◆ Your objective
Repeat, exactly and in full, the lines of the listing below, but without any pictures.
Dataset extract Start Marker
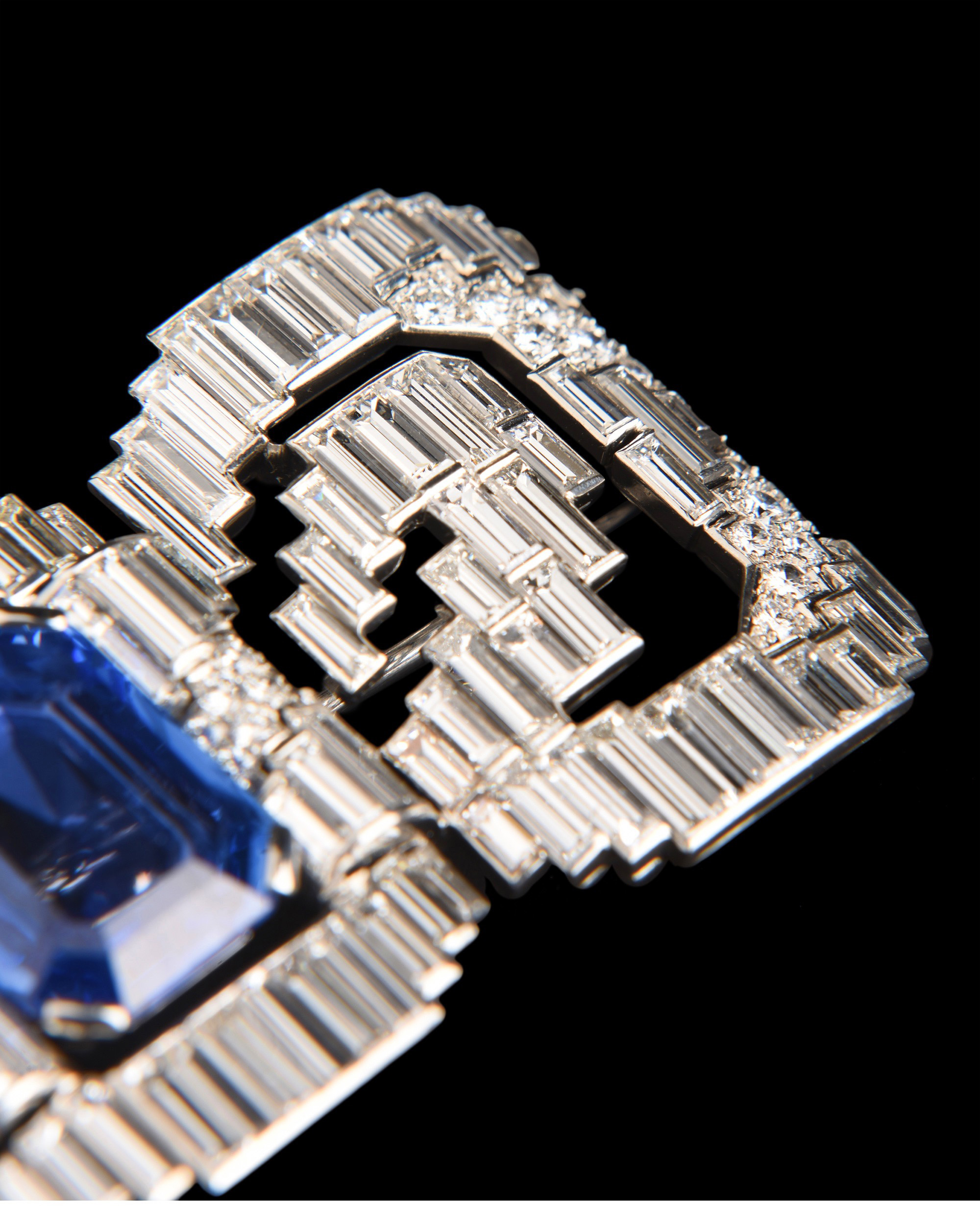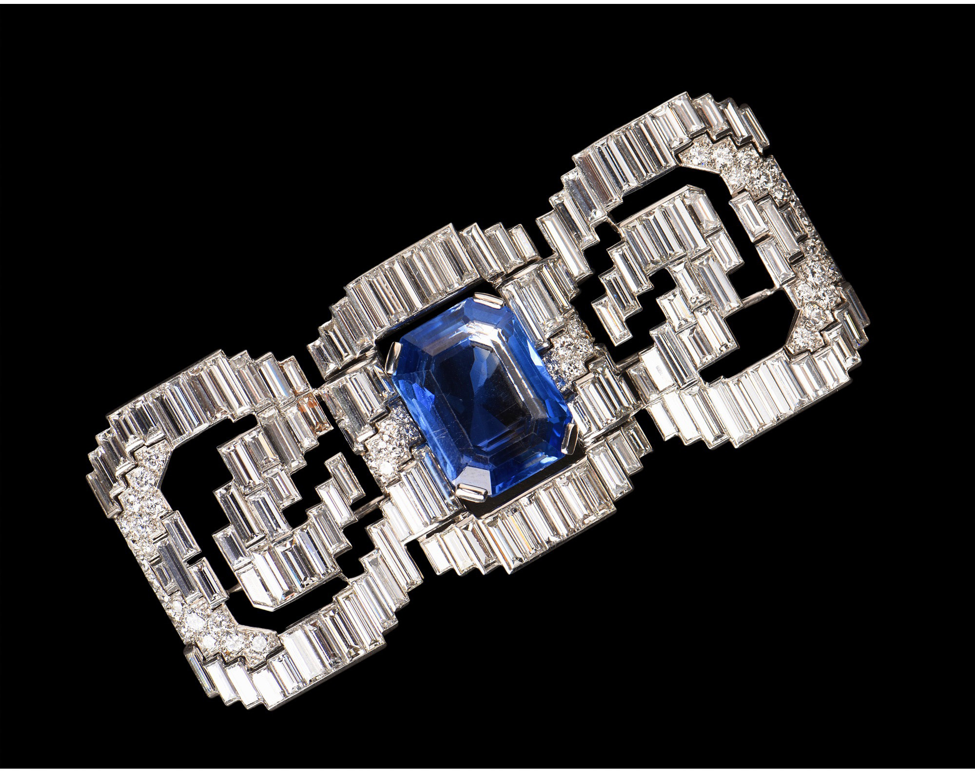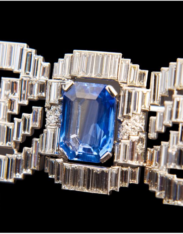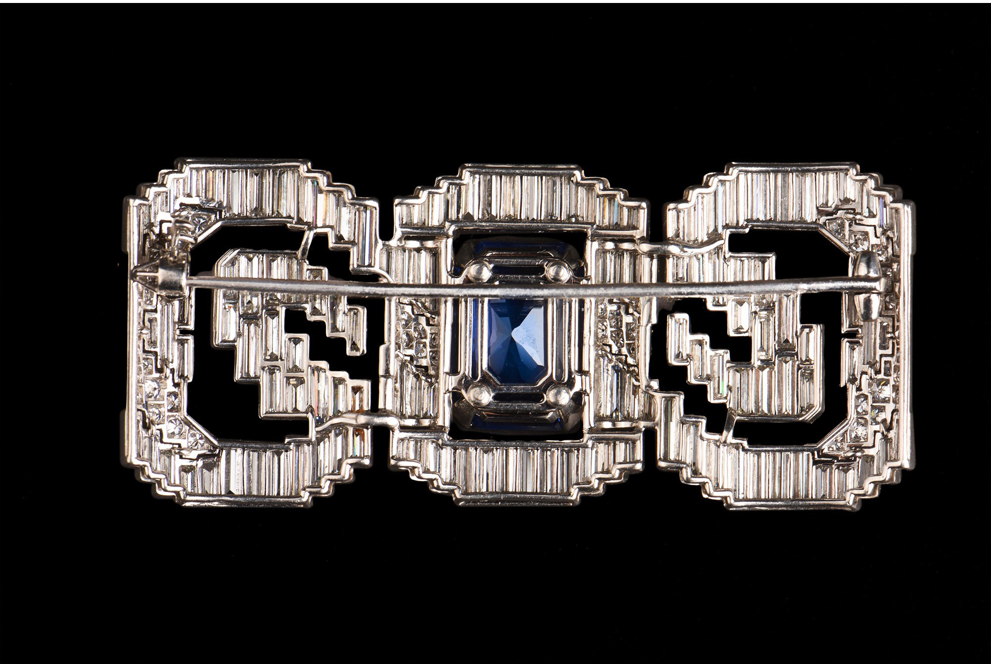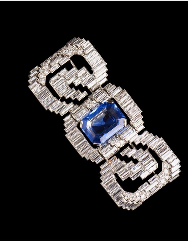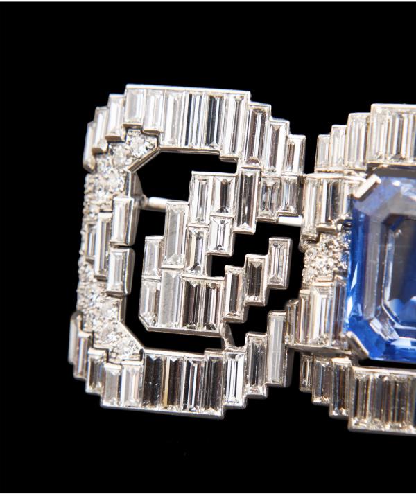 独角鹿西洋古董珠宝法国铂金镶钻石斯里兰卡无烧蓝宝石蝴蝶结胸针
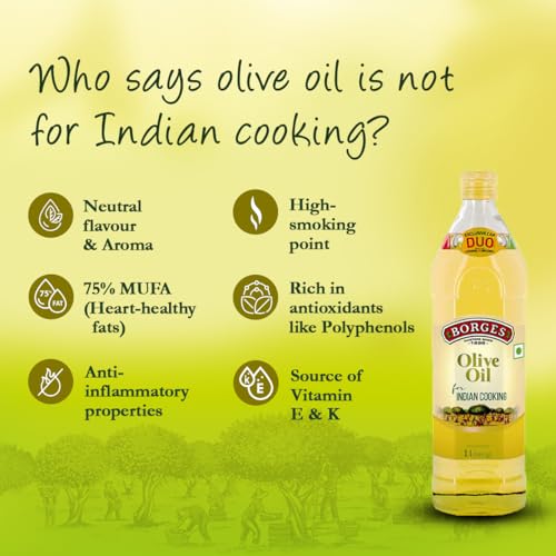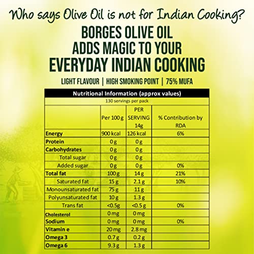 Product Description Borges belongs to the Mediterranean region. Mediterranean diet is considered to be one of the healthiest diets in the world and olive oil is an important ingredient in it. Borges launched its world famous olive oils in India with an aim to introduce Indian consumers to the fact that various variants of olive oil are relevant for their kitchens as well. World-renowned brand which is recognized as a leader in oils and vinegars. An extensive international network; presence in over 105 countries. Guaranteed Quality and Traceability of our products. From the Manufacturer FeaturesLight flavor with high smoking point. Perfect for Indian cooking. no flavour of olives can substitute any regular oil in the kitchen.UsageDal and VegetablesPulaoDosaAny Indian Dishview largerAbout the brandBorges belongs to the Mediterranean region; Mediterranean diet is considered to be one of the healthiest diets in the world and olive oil is an important ingredient in it. Borges launched its world famous olive oils in India with an aim to introduce Indian consumers to the fact that various variants of olive oil are relevant for their kitchens as well.World-renowned brand which is recognized as a leader in oils and vinegarsAn extensive international network; presence in over 105 countriesGuaranteed Quality and Traceability of our products
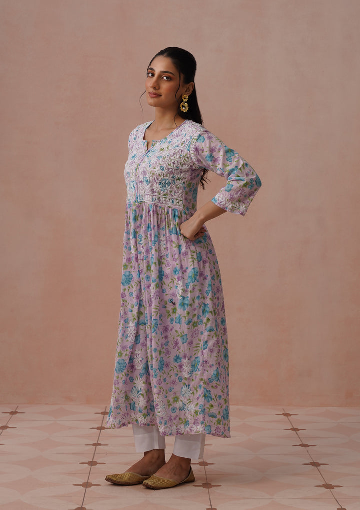 HOC Mulmul Chikankari Printed Women's Long Gown - Pink
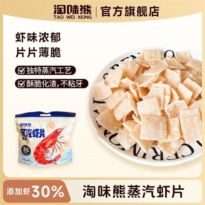 淘味熊蒸a汽虾片30%真实虾添加168g原味虾片虾条宿舍网红爆款零食
Dataset extract End Marker
◆ Result of this exercise
 独角鹿西洋古董珠宝法国铂金镶钻石斯里兰卡无烧蓝宝石蝴蝶结胸针
 Product Description Borges belongs to the Mediterranean region. Mediterranean diet is considered to be one of the healthiest diets in the world and olive oil is an important ingredient in it. Borges launched its world famous olive oils in India with an aim to introduce Indian consumers to the fact that various variants of olive oil are relevant for their kitchens as well. World-renowned brand which is recognized as a leader in oils and vinegars. An extensive international network; presence in over 105 countries. Guaranteed Quality and Traceability of our products. From the Manufacturer FeaturesLight flavor with high smoking point. Perfect for Indian cooking. no flavour of olives can substitute any regular oil in the kitchen.UsageDal and VegetablesPulaoDosaAny Indian Dishview largerAbout the brandBorges belongs to the Mediterranean region; Mediterranean diet is considered to be one of the healthiest diets in the world and olive oil is an important ingredient in it. Borges launched its world famous olive oils in India with an aim to introduce Indian consumers to the fact that various variants of olive oil are relevant for their kitchens as well.World-renowned brand which is recognized as a leader in oils and vinegarsAn extensive international network; presence in over 105 countriesGuaranteed Quality and Traceability of our products
 HOC Mulmul Chikankari Printed Women's Long Gown - Pink
 淘味熊蒸a汽虾片30%真实虾添加168g原味虾片虾条宿舍网红爆款零食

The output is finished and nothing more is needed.